* [YOUR GOAL]: From the first line below to the last, reproduce the material exactly and leave out the images.

═════ RECORDED INFORMATION

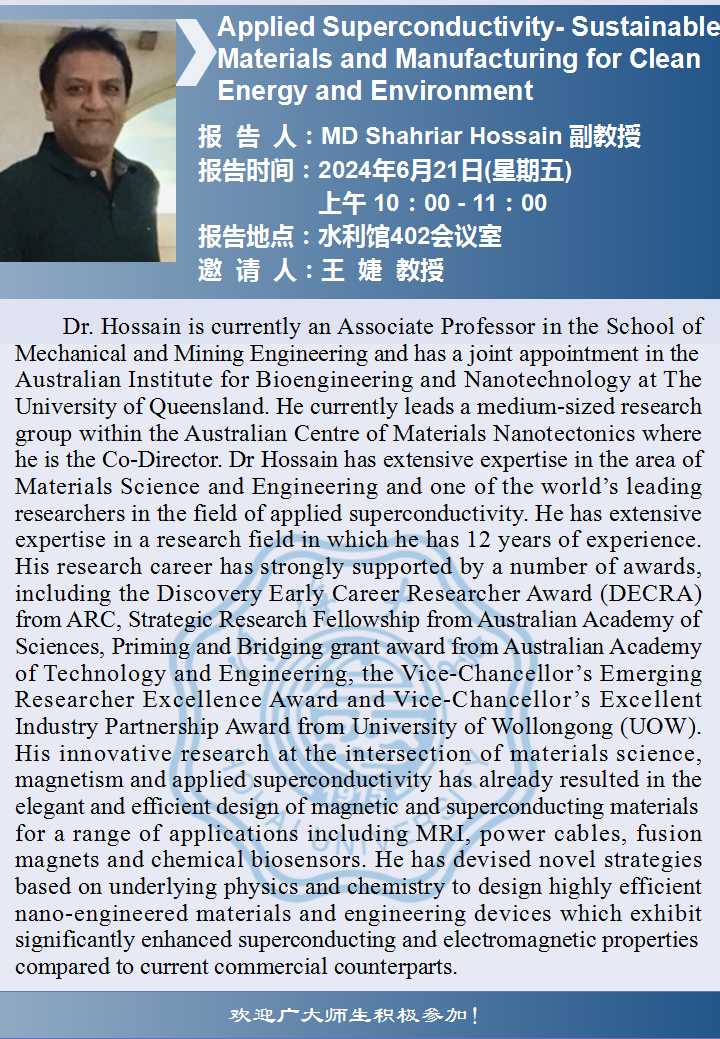 环境学院学术报告:Applied Superconductivity- Sustainable Materials and Manufacturing for Clean Energy and Environment
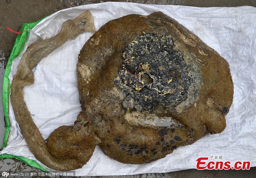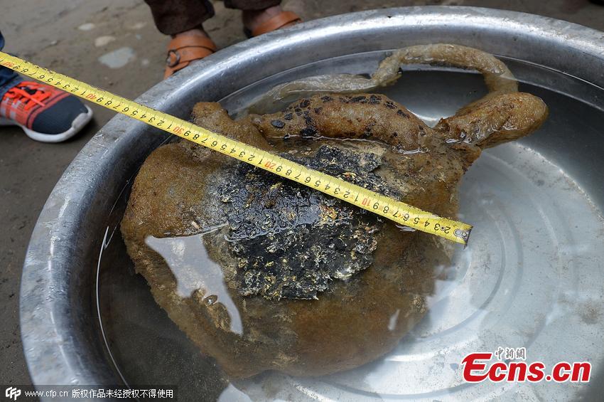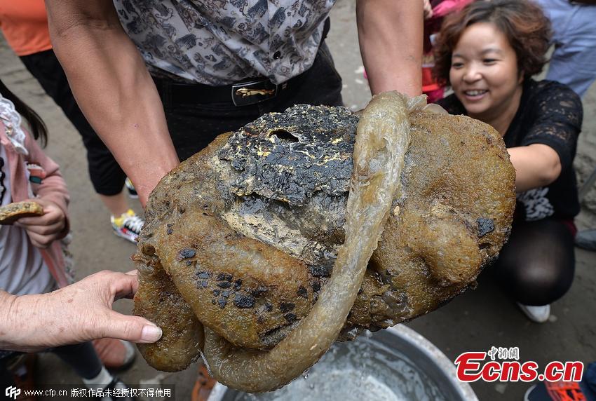 A villager shows a “creature” which is suspected as “Taisui”, a kind of myxomycete complex, or slime mold in Chengdu on September 29, 2015. The mysterious thing has yellow-colored appearance marked with black spots. Experts from Sichuan University said a gene identification is need before the creature being confirmed as “Taisui.” "Taisu," which is also the name of flesh-meat ganoderma, is a substance with medical functions, according to the Pen-tsao Kang-mu, a Chinese materia medica work written by Li Shizhen, one of the greatest Chinese doctors during the Ming Dynasty (1368-1644).(Photo/CFP)
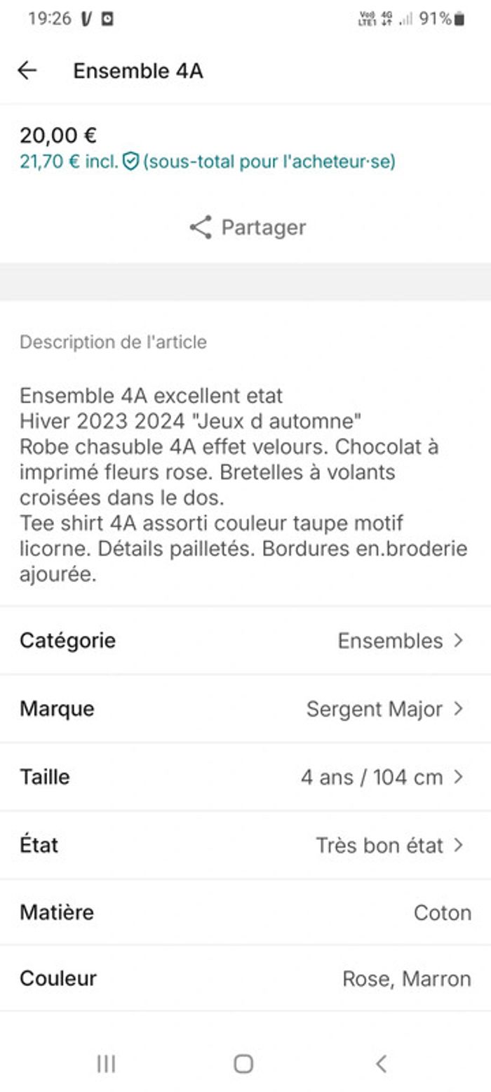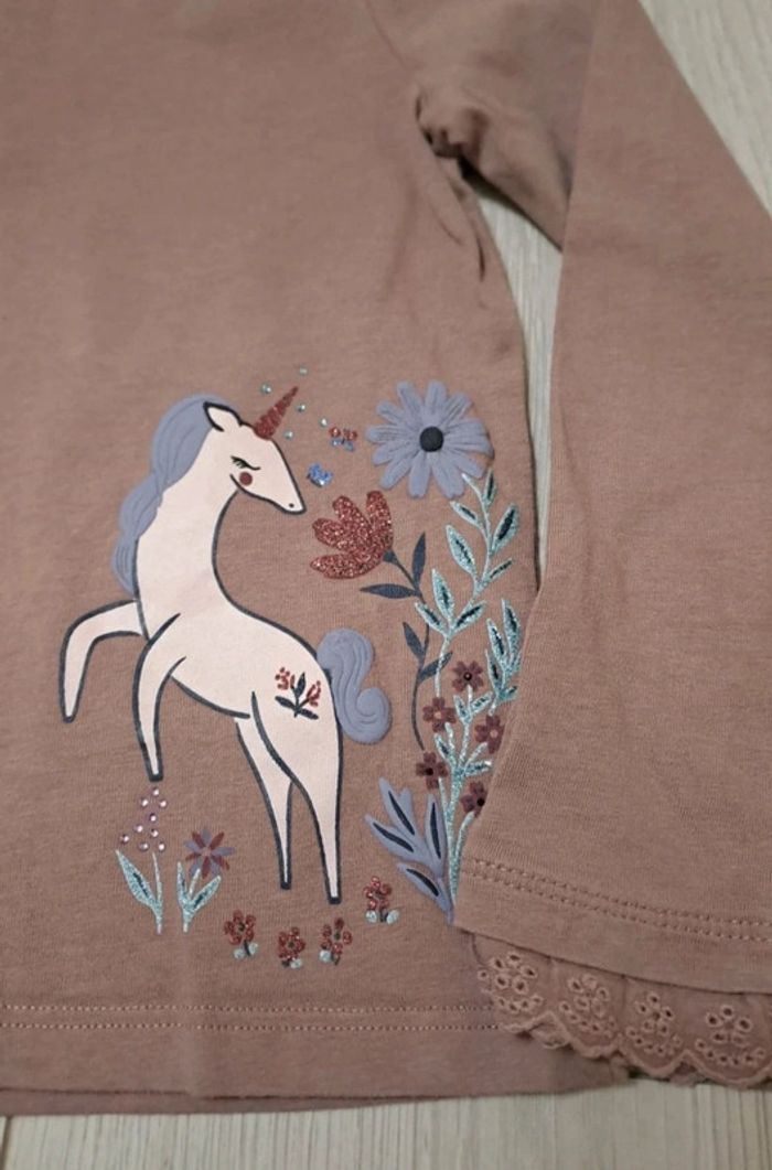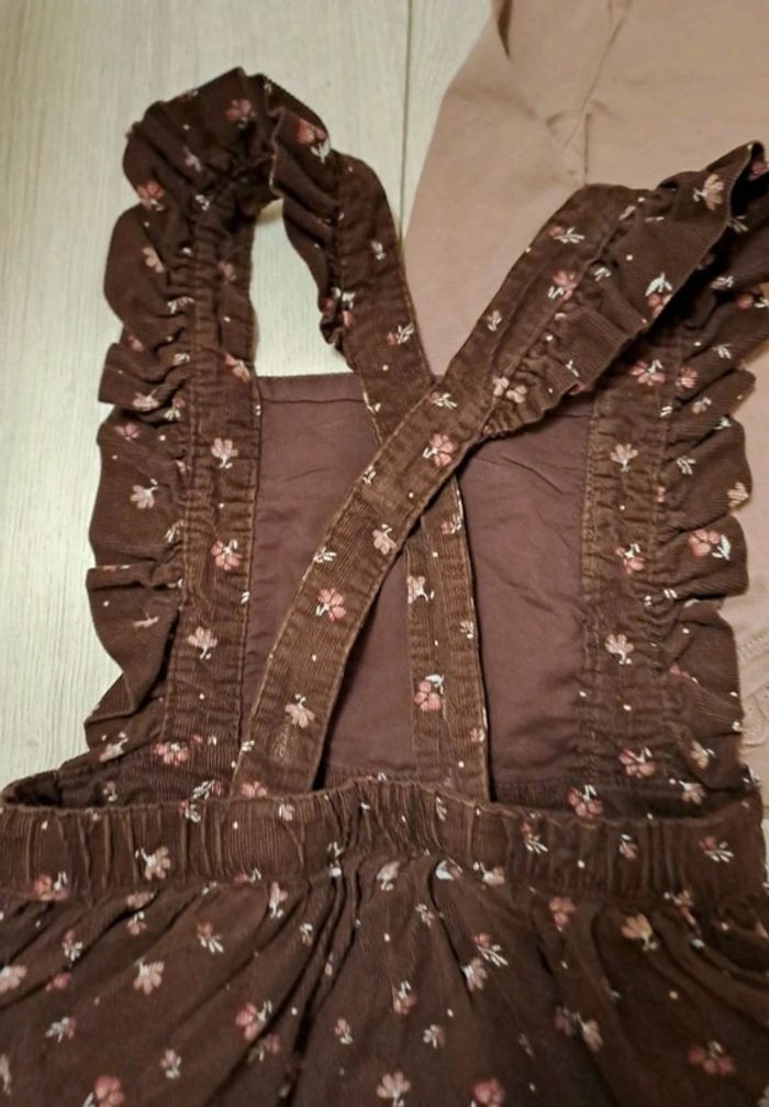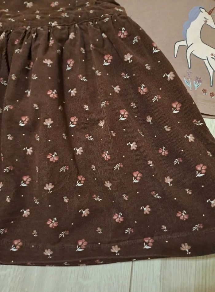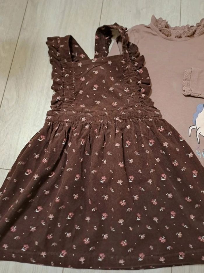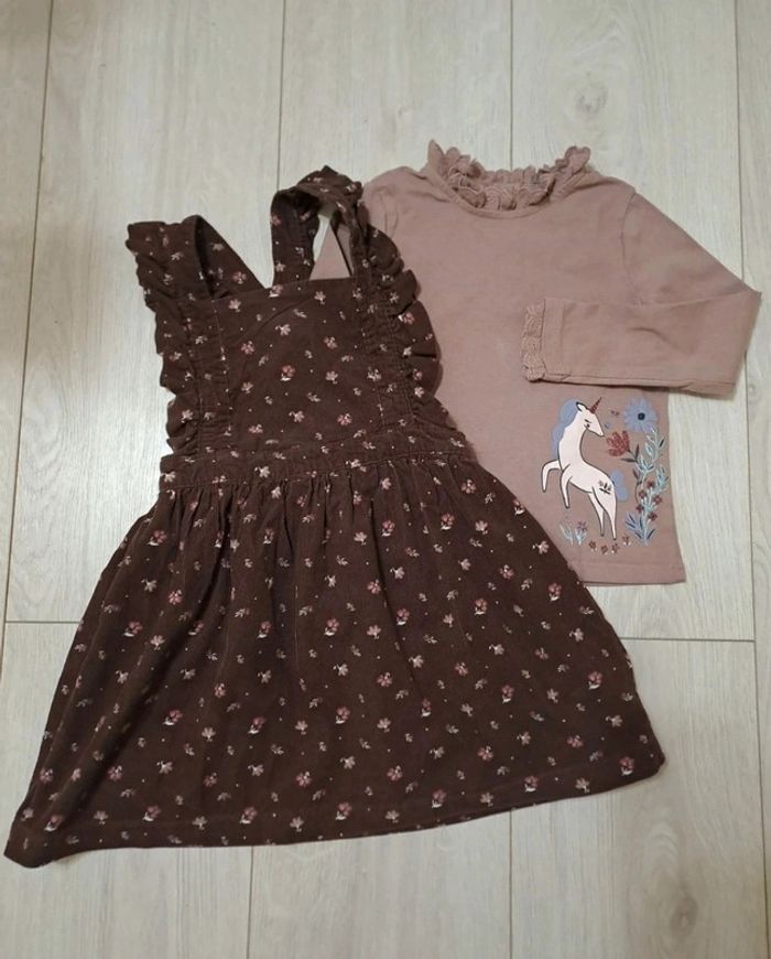 Ensemble 2/3A excellent etat Hiver 2023-2024 "Jeux d automne" Robe chasuble velours chocolat imprimé fleurs rose. Bretelles à volants croisées dans le dos. Tee shirt assorti taupe. Motif licorne. Détails pailletés. Broderies ajourées en bordure

══════════

* [OUTPUT FOR THIS TASK]:
 环境学院学术报告:Applied Superconductivity- Sustainable Materials and Manufacturing for Clean Energy and Environment
 A villager shows a “creature” which is suspected as “Taisui”, a kind of myxomycete complex, or slime mold in Chengdu on September 29, 2015. The mysterious thing has yellow-colored appearance marked with black spots. Experts from Sichuan University said a gene identification is need before the creature being confirmed as “Taisui.” "Taisu," which is also the name of flesh-meat ganoderma, is a substance with medical functions, according to the Pen-tsao Kang-mu, a Chinese materia medica work written by Li Shizhen, one of the greatest Chinese doctors during the Ming Dynasty (1368-1644).(Photo/CFP)
 Ensemble 2/3A excellent etat Hiver 2023-2024 "Jeux d automne" Robe chasuble velours chocolat imprimé fleurs rose. Bretelles à volants croisées dans le dos. Tee shirt assorti taupe. Motif licorne. Détails pailletés. Broderies ajourées en bordure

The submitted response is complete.